Çevre, florası ve faunası ile, güzelliği ile torunlarımıza aktaracağımız bir emanettir.
Çevre karnemiz nasıl?
Yale Üniversitesi bir çevre koruma endeksi (The Environmental Performance Index) geliştirmiş. Ülkeler, 9 çevre parametresi ve bunların altındaki 19 bileşene göre değerlendiriliyor. Bu 9 parametre şunlar: 1- Sağlık etkisi (Health impacts), 2-Hava kalitesi, 3-Su ve sanitasyon, 4-Su kaynakları, 5-Tarım, 6-Ormanlar, 7-Balık yatakları, 8-Biyoçeşitlilik ve habitat, 9-İklim ve enerji. Son 2016 raporuna göre Türkiye, 180 ülke arasında 99’uncu sırada. Peki, daha önce nerede imişiz? Türkiye 2002 yılında 62. sırada imiş. Yani 14 yıl içinde küme düşmüşüz. Emanete, hıyanetlik edilmiş.
Sonuç
Çevreye sahip çıkmak demek, sağlığımıza sahip çıkmak demektir; doğal zenginliğimize sahip çıkmak demektir. Her aklı başında insanın bu sorumluluğu taşıması gerekir. Ama bazı söylemler öyle anlamsız ki. Örneğin, “Kesilen ağaçların yerine yenilerini dikeriz” demek, “Yetişmiş evladınızı öldürüyoruz ama, size yenisini yaparız” demek gibi bir şeydir. Domuzu, “Helal Domuz Kasaplığı” yaparak “helal” diye yutturmaktır. “Artvin’in dışından gelip olay çıkarıyorlar” demek de, başka bir aymazlıktır. Artvin’in doğal zenginliği, güzelliği, sadece Artvinlinin değil; tüm insanlığın malıdır.

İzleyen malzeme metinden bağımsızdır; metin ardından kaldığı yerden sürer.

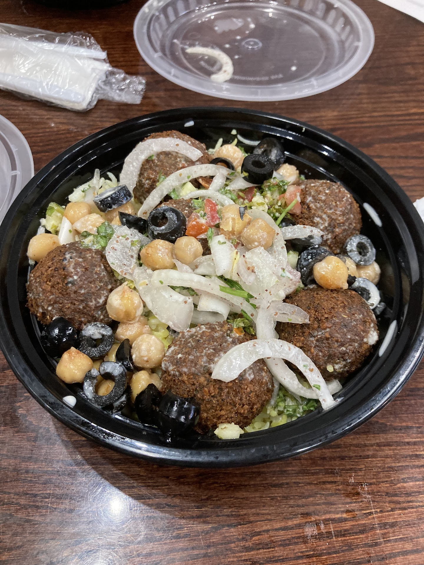 For those wondering how the bowl was put together, they put the base (basmati rice, in my case) on the bottom, the protein (beef shawarma) distributed on top of the rice, the onions, sliced tomatoes, and crunchy onions stacked in the middle, and the salads and tabbouleh were dolloped around the edge of bowl so the flavors don't get mixed up-- a concern of mine as I wanted to be able determine which flavors I liked best. The crunchy onions were added last to keep them crunchy on top. Tahini sauce on top of everything. I don't know how they fix the sliced tomatoes but they were warm and flavorful! I might get some sauce on the...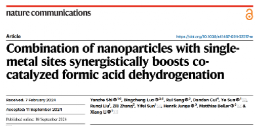 近日,北京航空航天大学能源与动力工程学院、betway西汉姆联责任教授孙也团队,联合北京航空航天大学能源与动力工程学院李想副教授、孙轶斐教授、中国农业大学理学院应用物理系罗炳程教授、德国莱布尼茨催化研究所Matthias Beller教授等人在能源催化功能材料研究方面取得新进展,在国际顶级期刊《自然·通讯(Nature Communications)》在线发表了题为“Combination of Nanoparticles with Single-Metal Sites Synergistically Boosts Co-Catalyzed Formic Acid Dehydrogenation”的研究成果。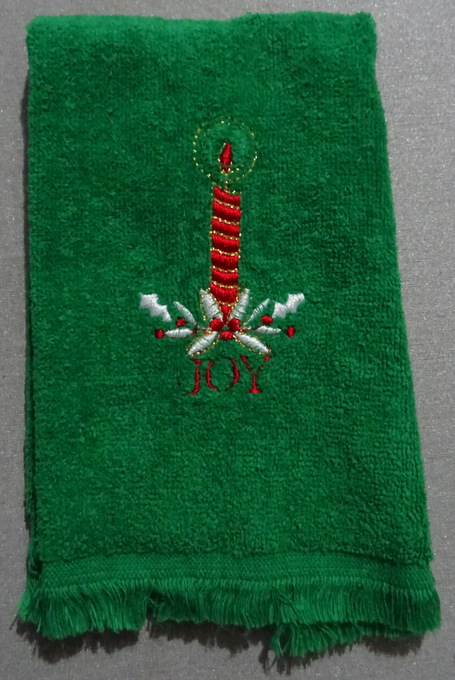grünes Handtuch mit aufgestickter lilafarbenem Kerzeund aufgestickter Aufschrift "JOY"Material: 100 % CottonNEU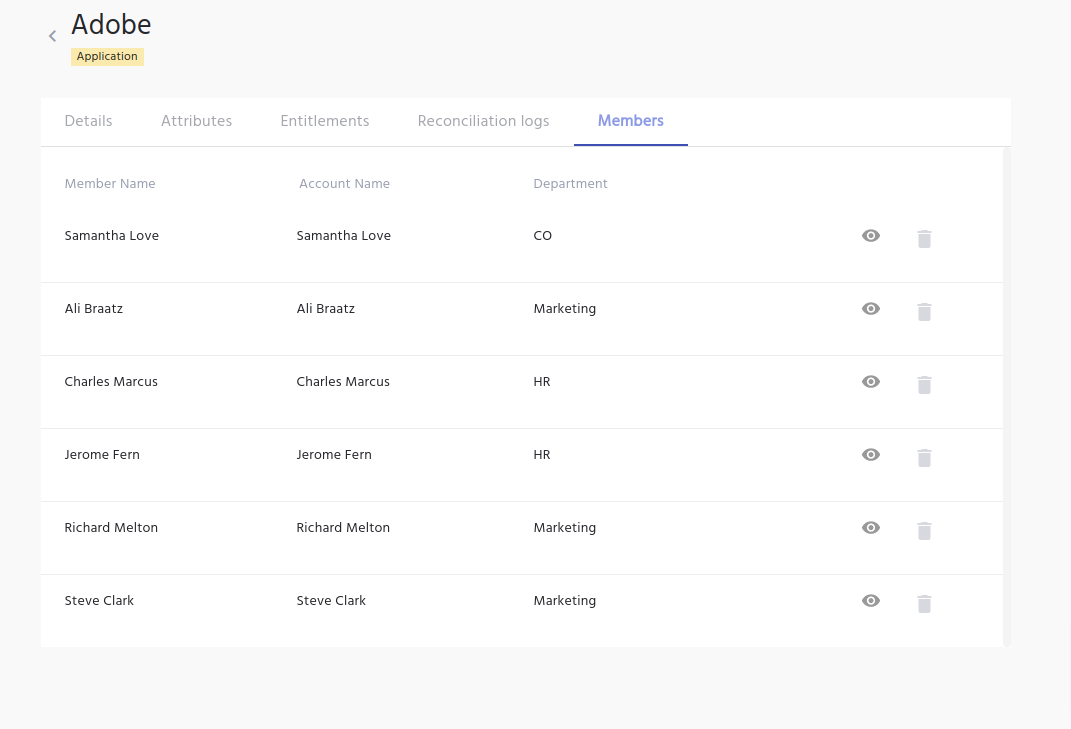 - The members tab of the application gives the list of users who have access to the application. User details such as member name, account name and department are shown.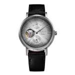 本モデルはその独創的なダイヤルを、深みのあるライトブルーで彩った新色。パワーリザーブ表示のオープンワークから覗く内部構造が奥行感を演出し“モノ好き”な男心をくすぐります。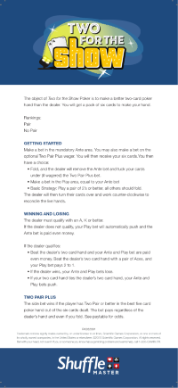 2016年8月11日、ラスベガスのエクスカリバーで初めて「Two for the Show」を観ました。名前からすると「One for the Money」の続編だと思う人もいるかもしれません。しかし、そのゲームとの共通点はあまり感じられません。むしろ、 Three Card Pokerの構造によく似ています。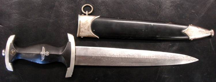 DAGA DA PARATA DELLE SS(Schutzstaffeln)Mod.33. COMPLETA DI FODERO. LAMA INCISA AD ACQUAFORTE CON MOTTO "Meine Ehre heißt Treue"(IL MIO ONORE SI CHIAMA FEDELTA´) DA UN LATO E MARHIO RZM 1053/38 DALL´ALTRO. OTTIME CONDIZIONI.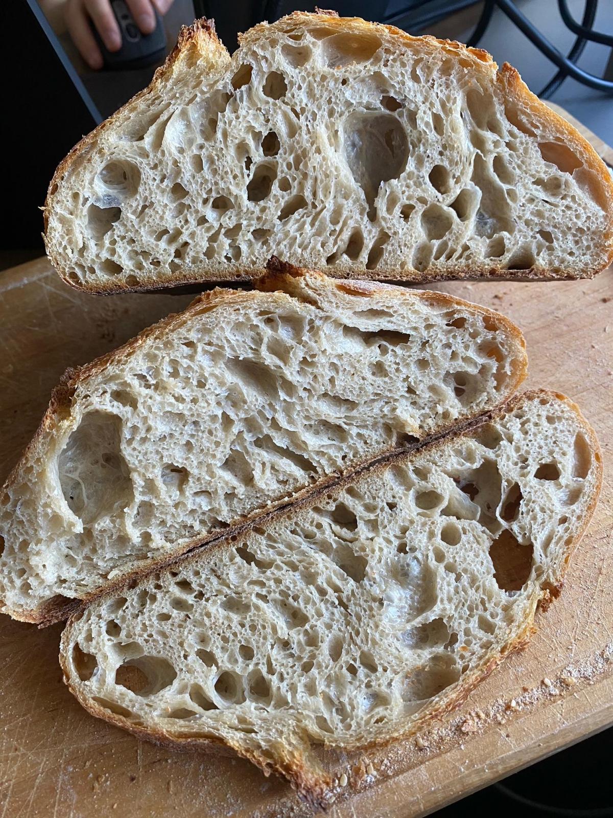 Super nice bread in all respects. The crumb has very thin cell walls and is lacy. A highly prized attribute!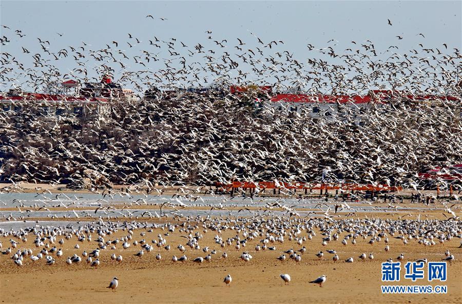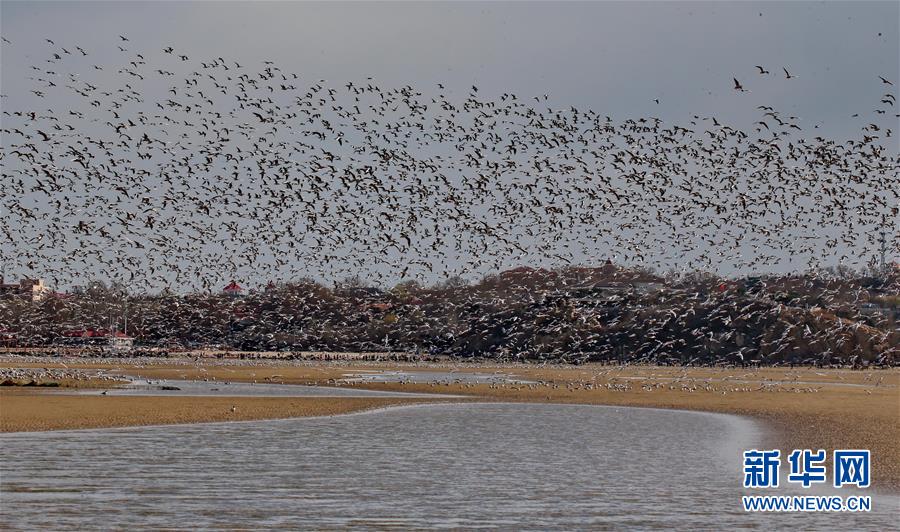 4月4日,一群候鳥在秦皇島市沿海濕地飛翔、休憩。近日,大批候鳥飛抵河北省秦皇島市沿海濕地,出現“萬鳥臨海”奇觀。秦皇島沿海濕地鳥類食物豐富,每年春、秋兩季,大批候鳥遷徙經過這里。新華社記者 楊世堯 攝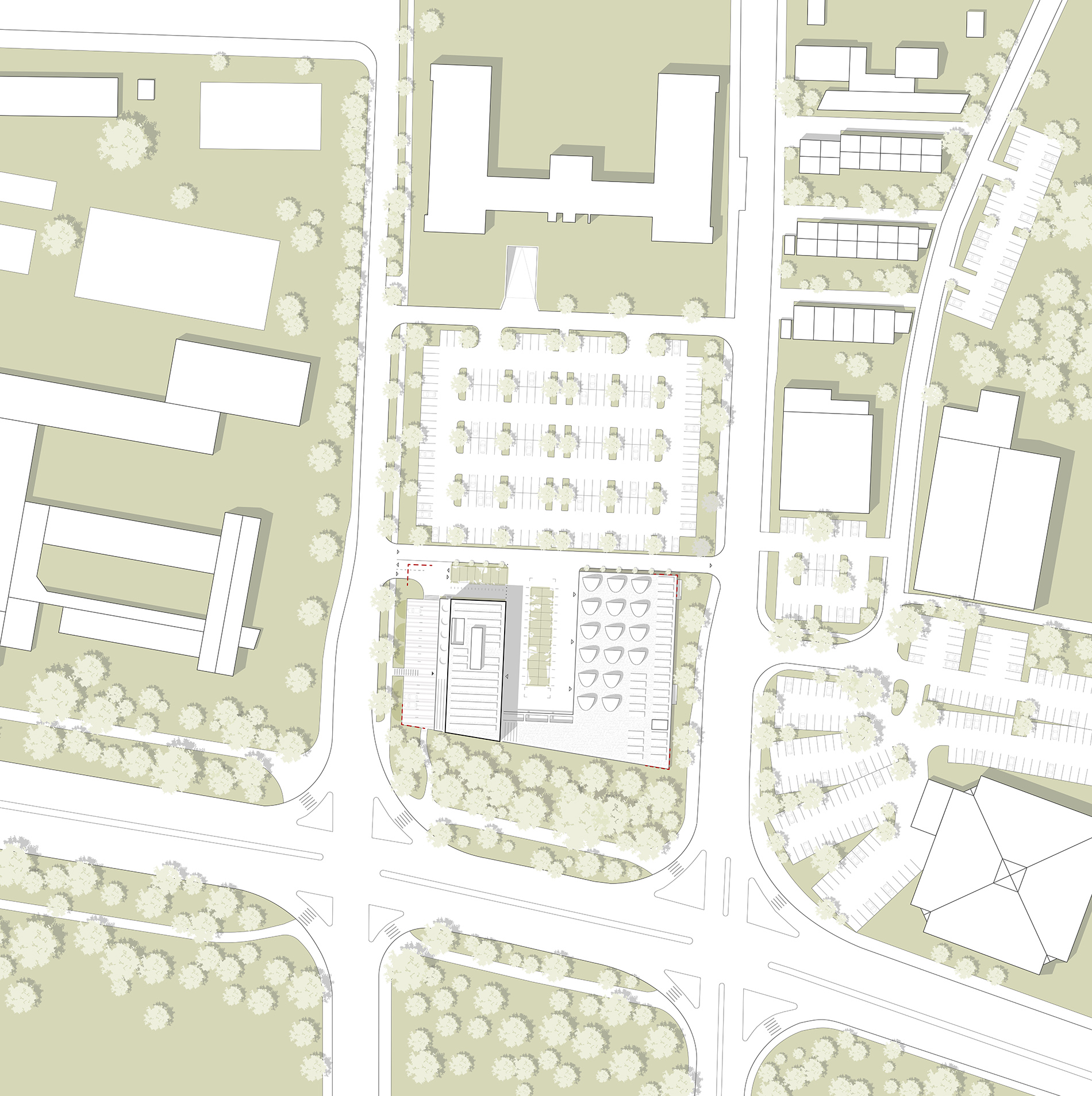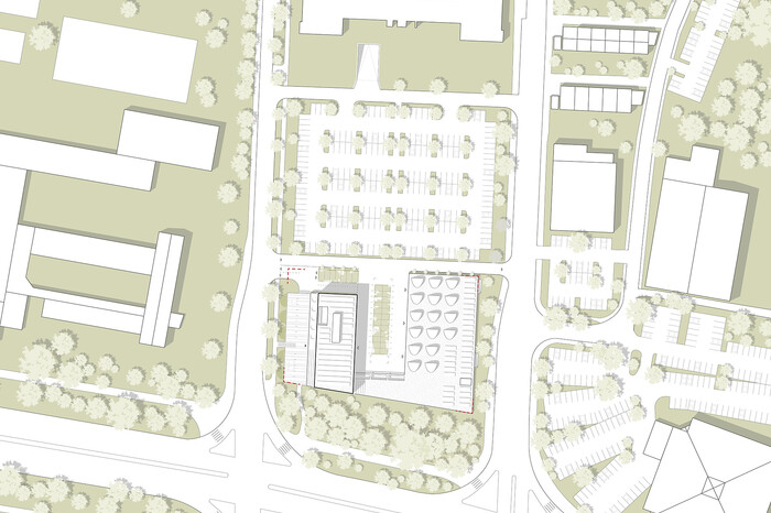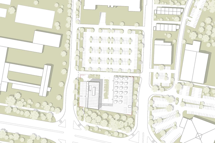 Um eine eindeutige Adressbildung und die Zeichenhaftigkeit des Gebäudes zu unterstützen wird der Verwaltungsteil als Hochpunkt ausgebildet, der trotz des zum Teil sehr hohen Baumbestands des vorgelagerten Biotops von weither sichtbar ist. Nach Norden, von den umliegenden Straßen nicht einsehbar, liegt zwischen dem Verwaltungsgebäude und den Werkstätten der Werkstatthof. Die Dachfläche des Werkstattbereichs, die von den Büroräumen aus sichtbar ist, ist als fünfte Fassade von besonderer Bedeutung und wird mit ihren bepflanzten „Lichtaugen“ und der flächigen Begrünung zu einer im wahrsten Sinne des Wortes „Dachlandschaft“ ausgebildet.

Artvin, tek örnek değil. Şehirlerimizin dokusu, rant uğruna, hoyratça bozuluyor. Her yeşil alana saldırılarak, yetişmiş ağaçlara kıyılıyor. Şehirlerin akciğerlerine beton sıkılıyor. Ormanlarımız maden işletmeleri ve taş ocakları ile talan ediliyor, ekolojik denge bozuluyor. Sonra da su baskını, kuraklık, heyelan olunca fıtrat devreye sokuluyor.
“Orda bir tepe var, uzakta. O tepe, (Cerattepe) bizim tepemizdir.” Hepimizin sahip çıkması gerekir.